Methodological experimentation in political ecology: building scenarios of societal responses to future hydrological extremes

Authors: Maria Rusca*, , Gabriele Messori, Uppsala University, Giuliano Di Baldassarre , Uppsala University
Topics: Human-Environment Geography, Climatology and Meteorology, Hazards, Risks, and Disasters
Keywords: Hydroclimatic extremes, disasters, uneven development, vulnerability, differentiated recovery trajectories
Session Type: Virtual Paper
Day: 4/8/2021
Start / End Time: 9:35 AM / 10:50 AM
Room: Virtual 6
Presentation File: No File Uploaded

Floods and droughts have significantly impacted humanity throughout history and increasing global trends in hydrological extremes are expected to be exacerbated by climate change.
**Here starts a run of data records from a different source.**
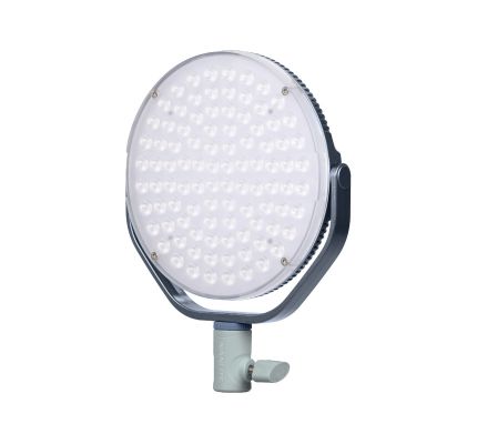 Runde, multifunktionale Full-Color-Flächenleuchte mit modernem Design, leicht und kompakt, mit flachem Kunststoffgehäuse und Montagebügel. Im Gegensatz zu typischen rechteckigen Flächenleuchten erzeugt die runde Form natürliche Lichtreflexe in den Augen für Porträts, Interviews und Social-Media-Aktivitäten.
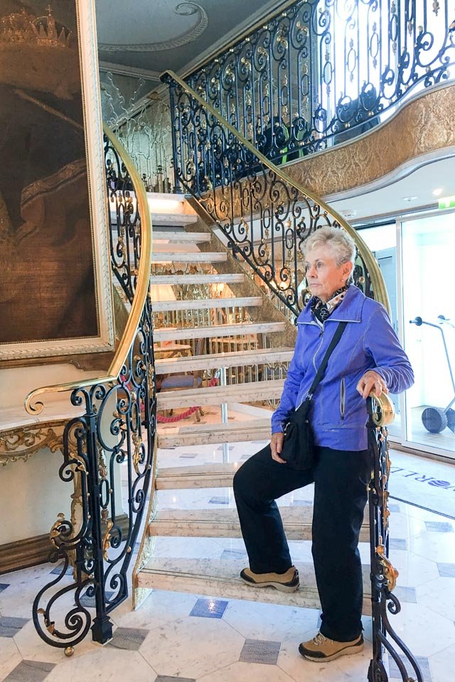 The grand stairway leading up from the main level where our stateroom was located as well as the dining room.
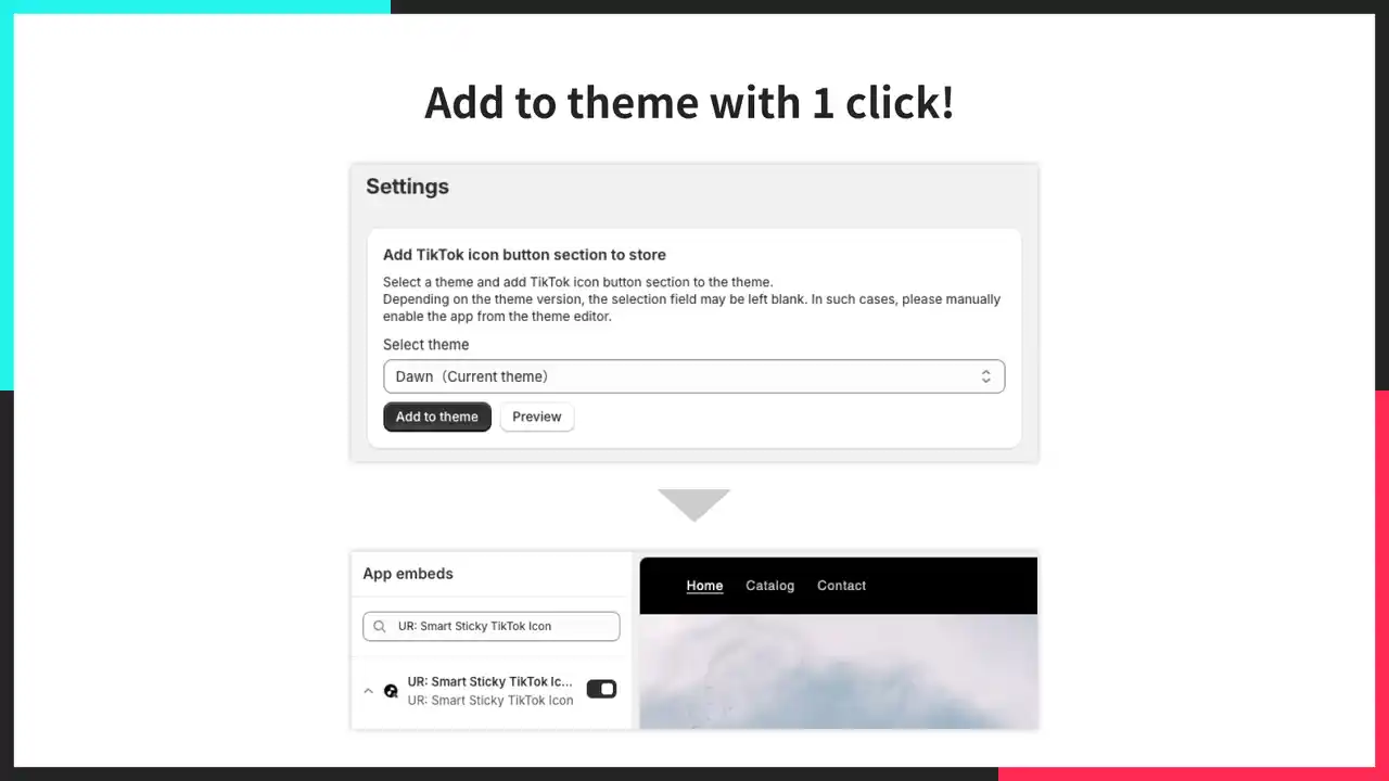 アプリをインストール後、1クリックでストアへのTikTokアイコンアプリブロックを追加できます。難しいコードの編集作業は一切必要ありません。アプリ管理画面から使用中のテーマを選択し、「テーマに追加」ボタンをクリックするだけで自動的にアプリブロックが組み込まれます。これにより、技術的なハードルなく、すぐにTikTok誘導機能をストアに実装できます。 |
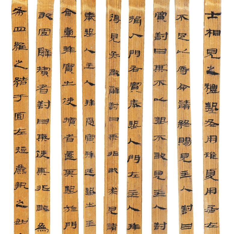 “禮儀出大家”?!秲x禮》確實是上層社會的各項禮儀準則??墒牵瑐鞒形拿鞑⑹怪l(fā)揚光大的不僅僅是貴族階層,普通的知識分子乃至社會的普通民眾更是文明的創(chuàng)造者和傳播者。就如《儀禮》簡上一行行端正秀麗的隸書,蠶頭燕尾、逆入平出,筆勢流暢,工整秀麗,簡直是書法界的奇珍異寶!而這筆端秀的漢隸不過出自一位名不見經(jīng)傳的讀書人之手而已。所謂,大家在民間!
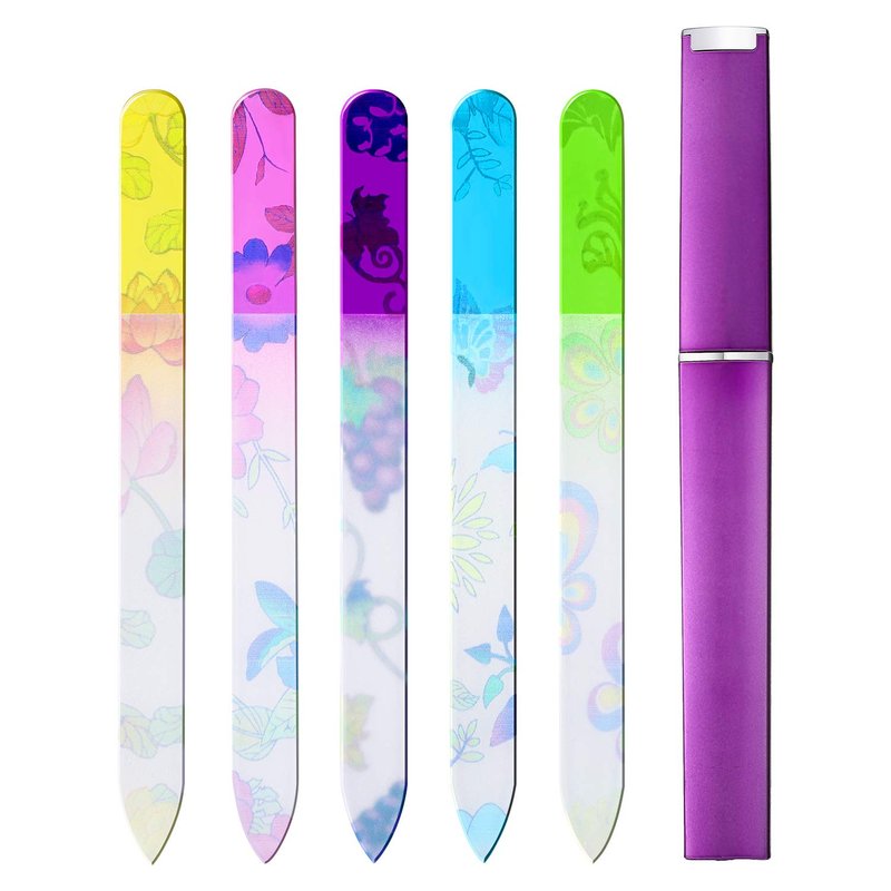 5 Pieces glass nail file buffers with cases, colorful printed finger nail files crystal glass nail buffers multicolor double sided manicure tools with protective cases for women men
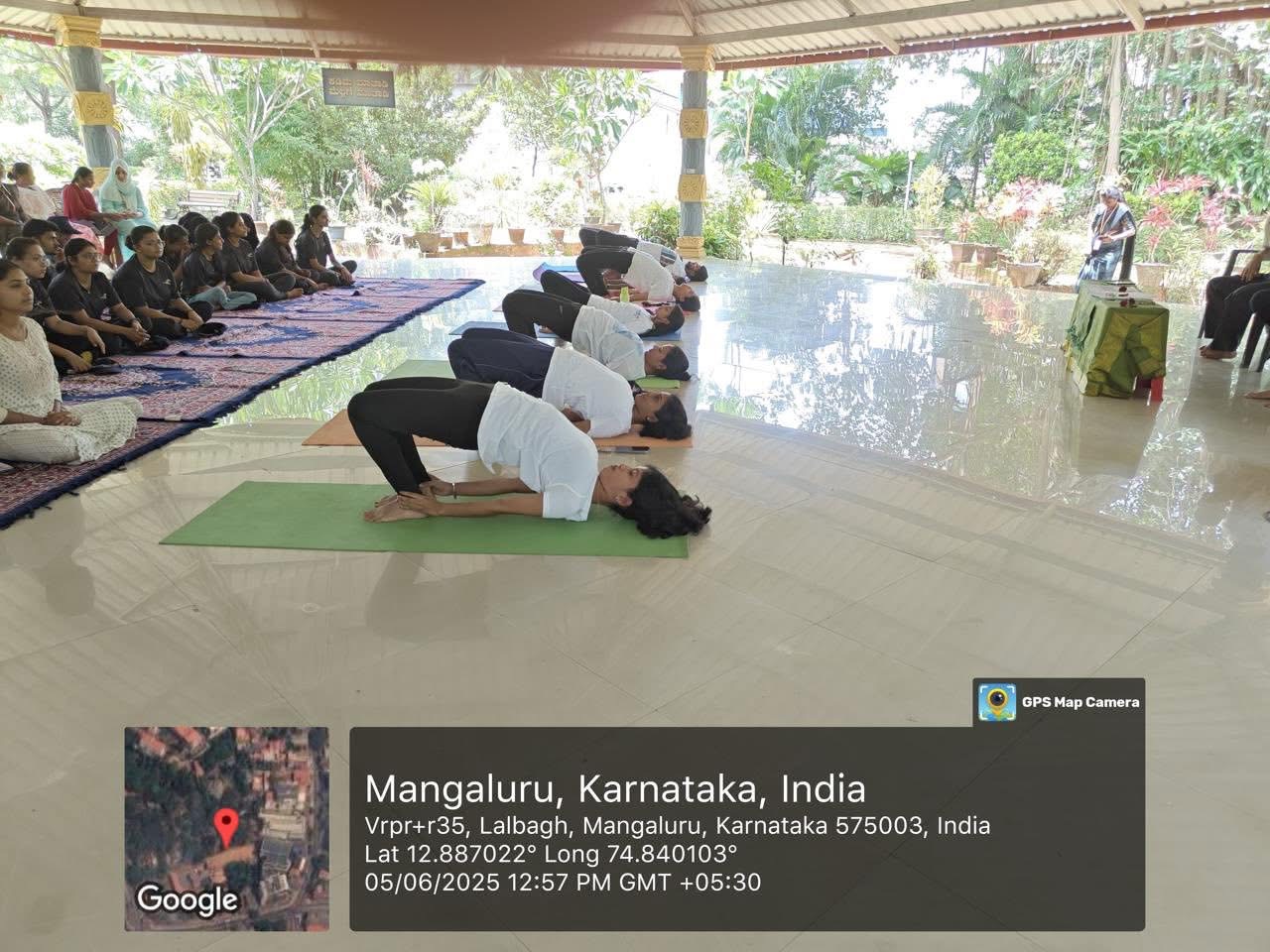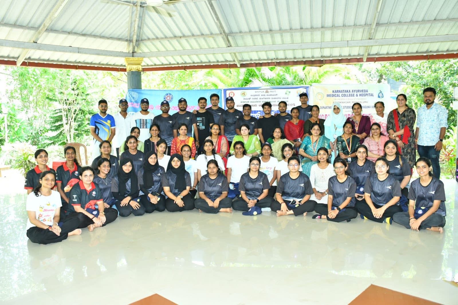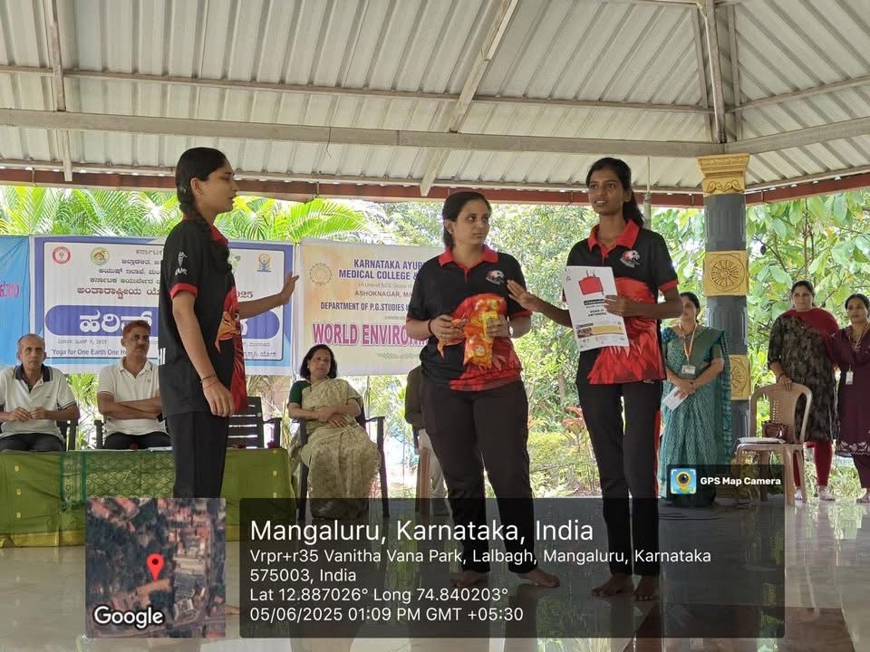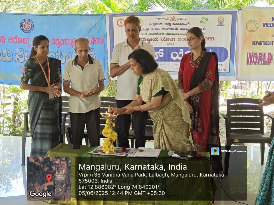 On the occasion of World Environment day and 11th International Yoga day “Harith Yoga“ programme was organised by AYUSH department in Association with Karnataka Ayurveda Medical College, Ashok nagar, Mangaluru ( Dept of PG studies in Dravyaguna Vijnana, Dept of Swasthavritta and NSS Unit) on 05-06-2025 at Indira Priyadarshini Park, Hathill, Mangalore
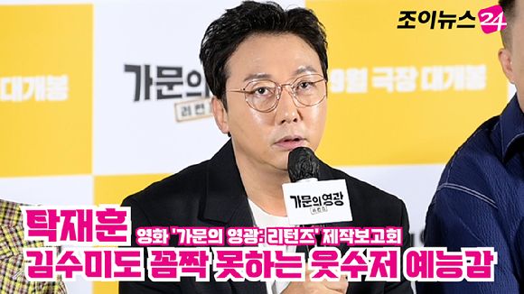 [조이뉴스24 문수지 기자] 방송인 탁재훈이 지난 5일 오전 서울 용산구 CGV 용산아이파크몰점에서 열린 영화 '가문의 영광: 리턴즈'(감독 정태원, 정용기) 제작보고회에 참석해 소감을 말하고 있다.
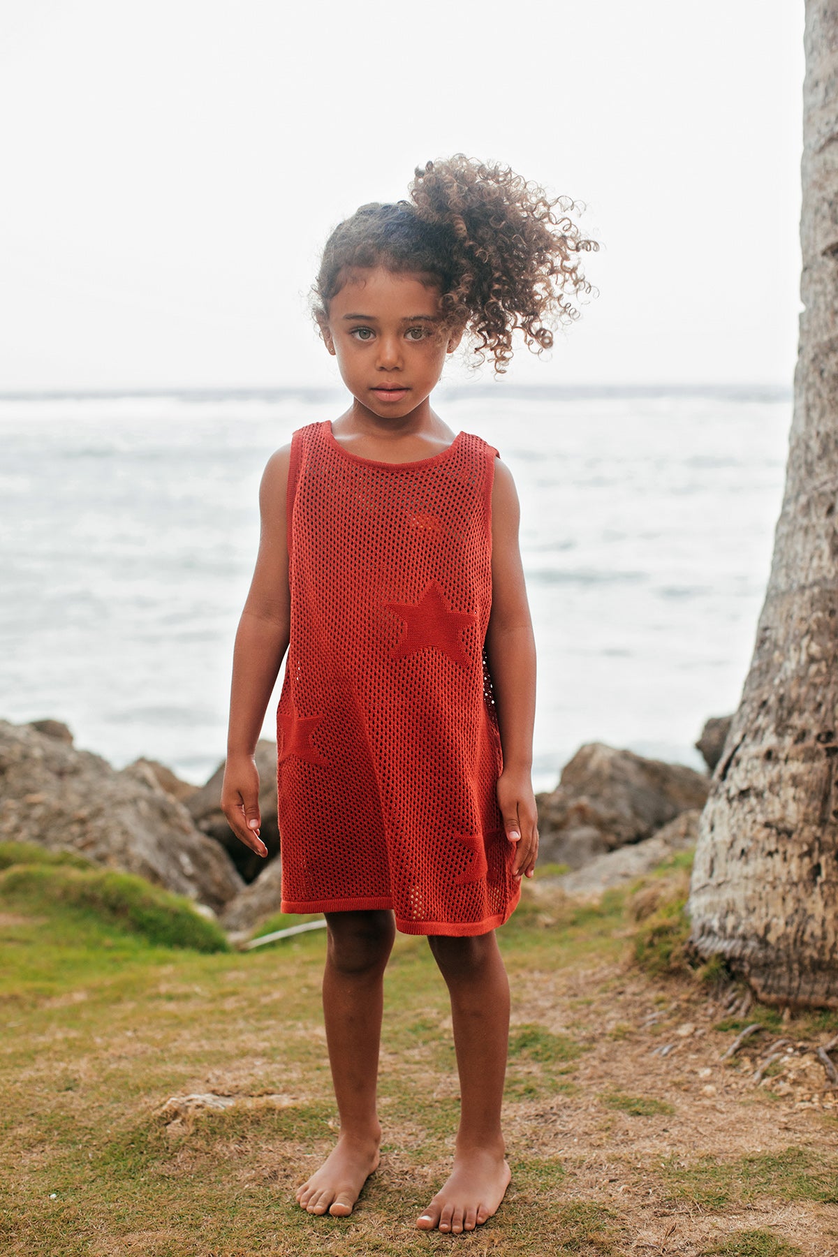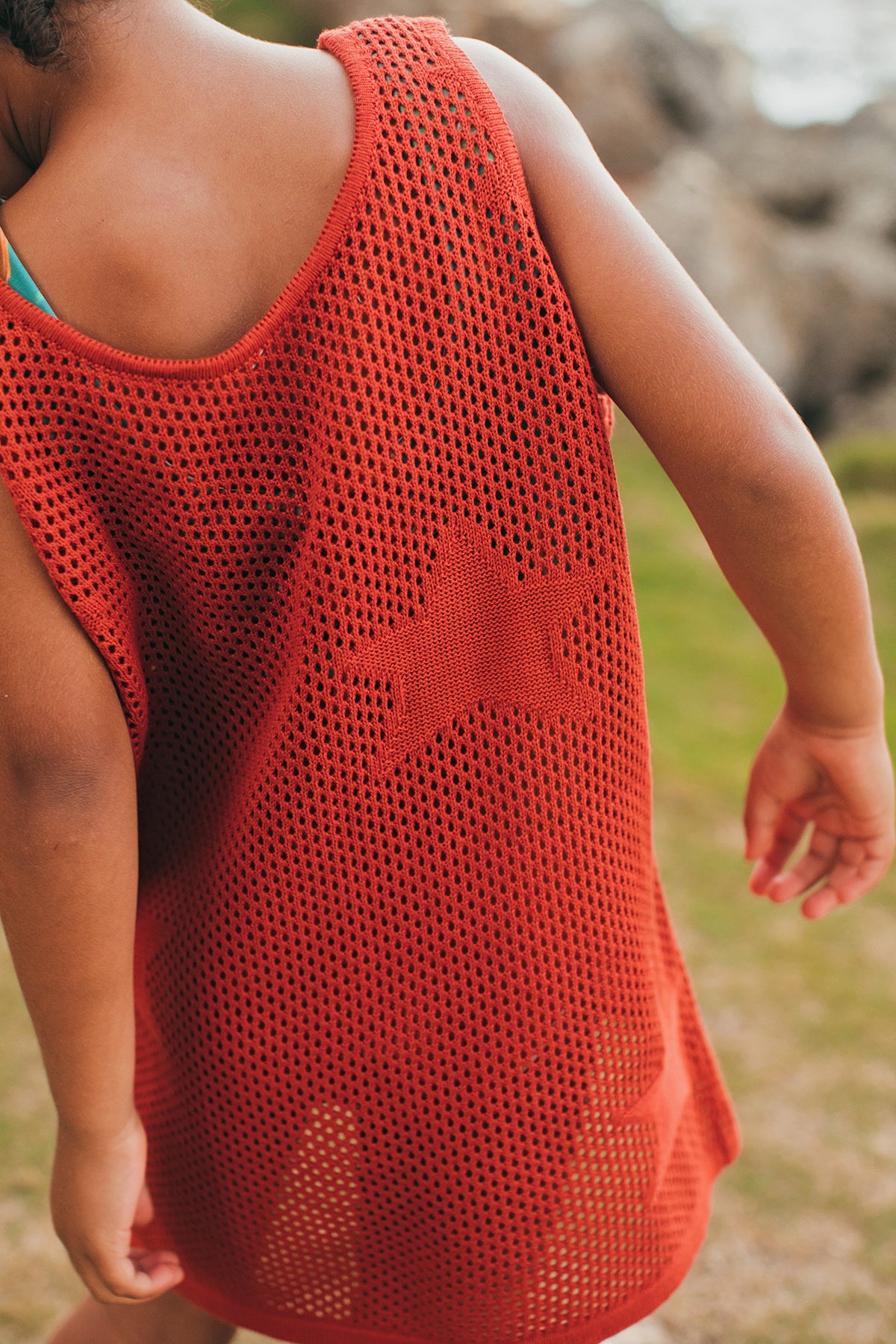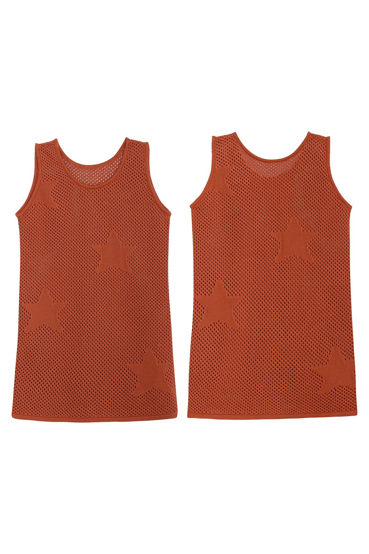 Confeccionado en tejido de punto calado con textura perforada y diseño de estrellas integradas en el tejido. Cuenta con escote redondo y silueta recta para un ajuste cómodo.

This will have widespread socio-economic consequences and affect the ability of different societal groups to recover from, and adapt to, rapidly changing hydroclimatic conditions. Political ecologies of water and critical disaster studies have been effective in unravelling and critiquing the processes of exploitation and the choreographies of power shaping uneven exposure to hydrological extremes and the differentiated recovery trajectories they elicit. Yet, this scholarship has placed less attention to what this critique can reveal about the future. Here we invoke a more experimental political ecology that integrates critical analysis with scenario thinking to unravel the politics of utopian and dystopian futures of unprecedented extreme events. This requires creating new forms of knowledge that integrate analyses of the past - structural causes and political processes of risk accumulation and differentiated recovery trajectories - with plausible future hydroclimatic extremes grounded in numerical climate projections. Eschewing prevailing technocratic views on disasters and hydrological extremes, we specifically seek to integrate the physical characteristics of the extremes with examinations of how intersectionality, power, politics and policy visions shape societal responses to future unprecedented events.